Salvador García Llanos
En Madrid han debatido esta semana sobre las 'fake
news', noticias falsas, un mal de nuestro tiempo que no es fácil contrarrestar.
La ciudadanía, los habituales consumidores de información están cada vez más
desconcertados. Ya dudan, no saben a qué atenerse con los riesgos de un gato
por liebre cada vez más acusados ya sea en forma de propaganda con ropajes de
información o con contenidos sesgados pretendientes de finalidades perversas.

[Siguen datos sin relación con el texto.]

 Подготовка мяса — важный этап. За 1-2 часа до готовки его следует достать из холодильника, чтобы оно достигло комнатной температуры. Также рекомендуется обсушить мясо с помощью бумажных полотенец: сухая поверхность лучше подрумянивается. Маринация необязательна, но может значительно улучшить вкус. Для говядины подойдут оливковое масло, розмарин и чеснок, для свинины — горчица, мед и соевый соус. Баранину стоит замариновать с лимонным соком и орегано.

El caso es que asistimos a un gran teatro de la
desinformación, a una función que se alarga y en la que algunos parecen estar
muy cómodos mientras muchos espectadores/receptores no saben si asisten a una
farsa. En el fondo del escenario están el debate público y la propia
democracia. Casi nada: según los datos que maneja la Unión Europea (UE), dos de
cada tres ciudadanos tienen ante sí, cada día, una noticia falsa; en tanto que
el ochenta por ciento de los europeos admite que las noticias falsas
representan un problema para la democracia.

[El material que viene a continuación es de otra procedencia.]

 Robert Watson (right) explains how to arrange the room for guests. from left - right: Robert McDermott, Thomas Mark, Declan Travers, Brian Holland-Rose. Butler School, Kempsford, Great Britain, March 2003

La UE, con los antecedentes obrantes, tendrá que
reaccionar ante la proximidad de las elecciones al Parlamento Europeo del
próximo año. Sí, se puede pedir una legislación comunitaria orientada, con su
propio régimen sancionador, a frenar o impedir la desinformación y
contrarrestar los discursos y las conductas radicados en el populismo y en el
odio, aunque, a más corto plazo y en planos estrictamente periodísticos, parece
claro que la autorregulación es la mejor manera de afrontar estos factores que
alteran la realidad y producen unos efectos muy dañinos en la opinión pública.

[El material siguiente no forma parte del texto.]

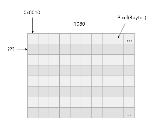 : 첫 번째 인자는 RECT* 타입을 받는다. 해당 표면의 RECT 영역만큼 잠금이 된다. 이 값이 NULL이면 표면 전체가 잠금이 된다. 일부 영역만 lock을 걸었을 경우 영역 밖의 access는 예기치 못한 결과를 발생시킬 수 있다. 두 번째 인자는 표면을 묘사하는 DDSURFACEDESC2* 타입의 값이다. Lock 함수 종료 시 표면 정보가 여기에 저장된다. 대표적인 정보들로는 해당 표면의 메모리 주소(lpSurface), 너비와 높이(dwWidth, dwHeight), pitch(lPitch) 정도가 있다. write을 위해 표면에 접근하고 싶을 땐 lpSurface를 이용하면 된다. 그리고 너비와 높이가 있다. 여기서 focusing할 대상은 width와 pitch이다. width는 단위가 pixel이다. width는 픽셀 당 비트 수(bpp)와 상관없이 항상 일정하다. 즉 width가 1080일 경우 8bit 표면이든 24bit 표면이든 width가 1080인건 변함이 없다. 만약 lpSurface가 0x0010이라 가정하자. width가 1080이고 한 픽셀은 3bytes(24bit)이다. 두 번째 행의 첫 주소에 접근하려면 lpSurface로부터 얼마를 이동해야 할까?

Directores de medios europeos reunidos en la
capital del Reino han planteado que es indispensable profundizar hasta averigüar
quiénes son los ideólogos y los distribuidores de las noticias adulteradas,
única manera de robustecer la fiabilidad de la información y la seguridad para
sus consumidores, evitando, de paso, alimentar la ceremonia de la confusión y
las falacias. Han hablado, en ese sentido, de vertebrar un frente común contra
las que llaman noticias contaminadas, conscientes de que hay que apoyarse en
hechos, verificar y disponer de datos y soportes contrastados para ofrecer una
información ajustada y rigurosa.
Cierto que también hay que procurar un pensamiento
crítico entre los destinatarios de la información que ejercen su derecho a
recibirla con garantías y libre de impurezas y tendenciosidad. Y hasta las
corporaciones tecnológicas tienen también que implicarse: no pueden ni deben
contribuir a la difusión de contenidos perversos.
Por tanto, una tarea ambiciosa de las partes,
informantes e informados, para unos sanos objetivos porque, a este paso,
conviene acabar con esa interrogante: ¿quién se cree qué?